Уличных фонарей в городке немного, и снаружи здание рассмотреть нам толком не удается. Внутри же высоченные потолки и закопченые своды наводят на мысль толи о замке, толи о ратуше. Ясно одно — это самое высокое и самое посещаемое здание в городке. Наша шумная компания вызывает общий интерес у обстоятельных и солидных посетителей паба, хотя по традиции провинций всех стран мира открыто нас не разглядывают.
Поначалу вечер проходит более или менее пристойно. Даже игры, принятые в нашей группе, не вызывают особого протеста со стороны публики. Самая шумная из них — так называемый «оркестр», которым обычно руководит филиппинец Питер.
В разгар веселья, когда все бурно приветствуют очередного исполнителя, я чувствую, как кожа на затылке у меня немеет. Это запоздалая от алкоголя реакция на чей-то слишком пристальный взгляд. Я поймал его секунду назад, и подсознание пытается дать сигнал тревоги, которому трудно пробиться через гудящие от вина извилины.
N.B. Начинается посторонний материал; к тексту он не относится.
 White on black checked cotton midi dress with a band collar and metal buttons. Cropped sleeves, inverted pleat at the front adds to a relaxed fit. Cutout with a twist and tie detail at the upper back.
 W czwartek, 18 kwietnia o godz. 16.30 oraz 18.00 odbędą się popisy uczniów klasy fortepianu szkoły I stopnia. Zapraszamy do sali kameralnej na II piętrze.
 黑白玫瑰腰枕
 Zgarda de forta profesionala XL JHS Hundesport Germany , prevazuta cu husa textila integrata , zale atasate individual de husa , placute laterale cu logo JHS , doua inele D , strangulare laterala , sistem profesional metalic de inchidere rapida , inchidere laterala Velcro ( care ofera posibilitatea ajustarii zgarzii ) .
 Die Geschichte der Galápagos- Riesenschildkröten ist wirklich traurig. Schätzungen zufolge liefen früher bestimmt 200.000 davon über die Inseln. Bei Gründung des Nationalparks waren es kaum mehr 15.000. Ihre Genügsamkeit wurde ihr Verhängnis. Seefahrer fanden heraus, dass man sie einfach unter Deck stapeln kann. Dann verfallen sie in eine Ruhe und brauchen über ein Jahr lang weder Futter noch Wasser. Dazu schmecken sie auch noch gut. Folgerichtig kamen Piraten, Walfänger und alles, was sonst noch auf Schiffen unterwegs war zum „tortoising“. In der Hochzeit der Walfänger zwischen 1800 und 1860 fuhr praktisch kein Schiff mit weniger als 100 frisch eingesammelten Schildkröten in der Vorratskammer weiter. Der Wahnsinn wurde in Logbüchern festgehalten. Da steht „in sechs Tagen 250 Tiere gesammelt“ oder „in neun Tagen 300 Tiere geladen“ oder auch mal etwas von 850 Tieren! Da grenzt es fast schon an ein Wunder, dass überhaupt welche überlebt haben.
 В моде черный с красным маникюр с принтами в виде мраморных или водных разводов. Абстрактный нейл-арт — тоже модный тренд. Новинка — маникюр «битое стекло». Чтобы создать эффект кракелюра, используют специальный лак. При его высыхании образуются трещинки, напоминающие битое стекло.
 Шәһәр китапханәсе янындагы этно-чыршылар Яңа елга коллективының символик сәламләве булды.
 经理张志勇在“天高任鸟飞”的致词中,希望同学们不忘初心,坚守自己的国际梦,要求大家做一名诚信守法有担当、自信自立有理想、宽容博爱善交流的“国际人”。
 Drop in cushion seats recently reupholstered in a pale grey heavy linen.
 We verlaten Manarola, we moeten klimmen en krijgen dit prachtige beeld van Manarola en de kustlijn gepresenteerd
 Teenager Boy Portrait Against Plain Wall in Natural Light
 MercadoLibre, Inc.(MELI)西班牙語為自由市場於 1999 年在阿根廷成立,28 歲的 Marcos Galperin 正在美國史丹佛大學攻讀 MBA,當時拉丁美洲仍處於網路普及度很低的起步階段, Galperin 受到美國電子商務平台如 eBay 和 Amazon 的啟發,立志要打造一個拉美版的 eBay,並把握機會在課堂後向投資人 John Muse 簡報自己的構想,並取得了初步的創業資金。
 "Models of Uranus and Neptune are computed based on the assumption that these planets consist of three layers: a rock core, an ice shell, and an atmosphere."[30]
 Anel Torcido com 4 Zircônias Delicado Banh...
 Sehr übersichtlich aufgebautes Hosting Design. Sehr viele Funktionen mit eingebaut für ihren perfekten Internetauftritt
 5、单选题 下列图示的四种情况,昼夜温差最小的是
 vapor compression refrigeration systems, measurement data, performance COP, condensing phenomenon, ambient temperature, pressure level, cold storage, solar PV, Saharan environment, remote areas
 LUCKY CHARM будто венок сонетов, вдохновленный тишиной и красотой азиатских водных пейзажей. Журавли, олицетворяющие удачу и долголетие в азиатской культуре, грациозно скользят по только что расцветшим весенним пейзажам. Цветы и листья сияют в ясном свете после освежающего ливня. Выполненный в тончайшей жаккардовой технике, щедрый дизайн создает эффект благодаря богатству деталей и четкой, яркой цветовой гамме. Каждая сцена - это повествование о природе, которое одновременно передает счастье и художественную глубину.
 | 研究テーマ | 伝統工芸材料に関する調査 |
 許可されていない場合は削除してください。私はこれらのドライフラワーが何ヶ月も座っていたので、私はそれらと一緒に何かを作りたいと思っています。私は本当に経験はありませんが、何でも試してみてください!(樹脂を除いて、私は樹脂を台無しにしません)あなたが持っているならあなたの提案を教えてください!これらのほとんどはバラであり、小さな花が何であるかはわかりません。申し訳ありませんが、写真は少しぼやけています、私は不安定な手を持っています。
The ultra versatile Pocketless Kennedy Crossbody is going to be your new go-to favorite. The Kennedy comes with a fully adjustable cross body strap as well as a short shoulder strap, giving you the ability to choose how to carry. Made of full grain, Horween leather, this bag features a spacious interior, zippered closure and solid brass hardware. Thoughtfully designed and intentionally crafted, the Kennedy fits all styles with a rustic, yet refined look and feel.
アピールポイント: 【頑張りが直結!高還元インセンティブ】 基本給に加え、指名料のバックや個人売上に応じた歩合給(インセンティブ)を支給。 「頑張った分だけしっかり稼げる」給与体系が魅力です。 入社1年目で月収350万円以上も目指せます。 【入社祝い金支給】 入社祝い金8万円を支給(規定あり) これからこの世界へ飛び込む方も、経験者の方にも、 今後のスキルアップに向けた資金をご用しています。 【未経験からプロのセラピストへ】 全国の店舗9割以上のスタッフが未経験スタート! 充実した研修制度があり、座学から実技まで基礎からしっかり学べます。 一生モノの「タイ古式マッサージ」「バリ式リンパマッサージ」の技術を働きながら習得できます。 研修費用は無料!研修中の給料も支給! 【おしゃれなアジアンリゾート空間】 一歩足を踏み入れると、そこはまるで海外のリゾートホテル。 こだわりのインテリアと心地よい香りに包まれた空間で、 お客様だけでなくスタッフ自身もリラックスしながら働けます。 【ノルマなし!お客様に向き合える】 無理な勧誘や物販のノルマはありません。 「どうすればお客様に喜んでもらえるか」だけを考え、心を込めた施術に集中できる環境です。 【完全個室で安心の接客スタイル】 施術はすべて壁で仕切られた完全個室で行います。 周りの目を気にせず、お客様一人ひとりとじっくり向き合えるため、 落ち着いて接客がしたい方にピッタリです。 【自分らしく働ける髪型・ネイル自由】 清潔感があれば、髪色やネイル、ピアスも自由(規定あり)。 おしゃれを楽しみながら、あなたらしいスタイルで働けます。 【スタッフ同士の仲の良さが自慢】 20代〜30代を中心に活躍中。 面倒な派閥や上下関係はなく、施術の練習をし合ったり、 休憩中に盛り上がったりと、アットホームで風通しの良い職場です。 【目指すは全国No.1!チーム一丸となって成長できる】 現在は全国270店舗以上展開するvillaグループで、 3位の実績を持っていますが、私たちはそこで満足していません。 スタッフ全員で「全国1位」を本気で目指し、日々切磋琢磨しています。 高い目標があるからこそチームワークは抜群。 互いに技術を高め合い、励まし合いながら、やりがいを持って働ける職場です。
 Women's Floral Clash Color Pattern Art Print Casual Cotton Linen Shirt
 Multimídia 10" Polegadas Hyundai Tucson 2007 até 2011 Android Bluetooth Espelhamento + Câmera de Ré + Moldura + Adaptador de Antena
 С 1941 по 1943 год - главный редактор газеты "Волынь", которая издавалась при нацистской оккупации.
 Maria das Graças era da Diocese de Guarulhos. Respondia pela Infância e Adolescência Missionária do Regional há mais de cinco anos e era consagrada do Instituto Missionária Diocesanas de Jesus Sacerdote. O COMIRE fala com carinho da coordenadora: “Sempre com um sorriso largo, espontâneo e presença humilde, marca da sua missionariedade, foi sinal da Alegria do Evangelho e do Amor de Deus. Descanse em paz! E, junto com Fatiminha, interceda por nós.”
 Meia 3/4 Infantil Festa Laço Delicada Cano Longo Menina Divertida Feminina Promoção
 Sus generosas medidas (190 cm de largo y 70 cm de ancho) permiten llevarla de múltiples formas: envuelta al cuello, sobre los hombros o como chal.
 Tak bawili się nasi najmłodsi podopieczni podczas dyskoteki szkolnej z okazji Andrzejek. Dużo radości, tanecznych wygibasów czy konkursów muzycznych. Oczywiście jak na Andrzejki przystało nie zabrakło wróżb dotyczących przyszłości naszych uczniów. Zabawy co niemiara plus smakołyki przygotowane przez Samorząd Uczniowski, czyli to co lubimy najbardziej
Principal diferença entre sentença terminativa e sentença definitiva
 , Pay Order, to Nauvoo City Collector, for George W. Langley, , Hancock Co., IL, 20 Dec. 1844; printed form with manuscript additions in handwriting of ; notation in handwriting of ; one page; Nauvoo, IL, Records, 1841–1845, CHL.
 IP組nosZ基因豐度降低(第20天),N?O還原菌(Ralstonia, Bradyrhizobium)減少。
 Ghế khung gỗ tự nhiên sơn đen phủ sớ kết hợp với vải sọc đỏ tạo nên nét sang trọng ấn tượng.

В таких случаях самое простое средство — выйти под тем или иным предлогом, что дает прекрасную возможность оглядеть весь в зал по дороге туда и обратно. Однако сейчас у меня нет желания покидать нашу компанию. В нынешнем состоянии я скверный боец, и любой, кто по той или иной причине пожелает дать мне по голове, сможет сделать это с легкостью.
Поэтому забрасываю руки за голову и, откинувшись на стуле, медленно обвожу глазами доступную взору часть зала. Поскольку я сижу лицом к столу, мой взгляд по преимуществу натыкается на пьяные лица участников семинара. То, что я ухитряюсь увидеть в глубине зала, не вызывает особой тревоги. Мужские и женские спины, жуюшие и говорящие лица.
Ерунда, не могут же они следить даже здесь, где каждый человек как на ладони. Да и причины, собственно, нет. Сейчас Ван Айхен наверняка занят другим: пытается разузнать, куда делся Воропаев. Успокоив себя этими доводами, допиваю бокал вина и решаю освежиться. Из-за соседнего стола одновременно со мной поднимаются двое изрядно выпивших немцев. Один из них, высокого роста, качнувшись, подмигивает мне. Улыбаясь в ответ, мы вместе идем к двери. Там разделяемся. Я иду к выходу, а высокий и его толстый приятель в кожаном жилете сворачивают к мужскому туалету.
На улице свежо. Сильный ветер гонит по темному ночному небу высвеченные луной низкие облака и ровно гудит в ветвях деревьев. В окнах маленьких одноэтажных домиков под замшелыми черепичными крышами горят огни, и редко-редко на улице мелькнет прохожий.
Постояв и выкурив сигарету, возвращаюсь к шумному и душноватому застолью, которое сейчас больше похоже на детский утренник. Нетрезвый кореец Чой, стоя на стуле, громко поет революционную песню. Он опасно раскачивается, помогая себе взмахами руки, зрители плачут от смеха. Чой приехал из Сеула. Он принадлежит к какой-то до умопомрачения прогрессивной организации, и его речи и песни носят исключительно радикальный характер. Реформ он не приемлет, ни на что, кроме всемирной революции не соглашается, мировой империализм требует уничтожить без отлагательств.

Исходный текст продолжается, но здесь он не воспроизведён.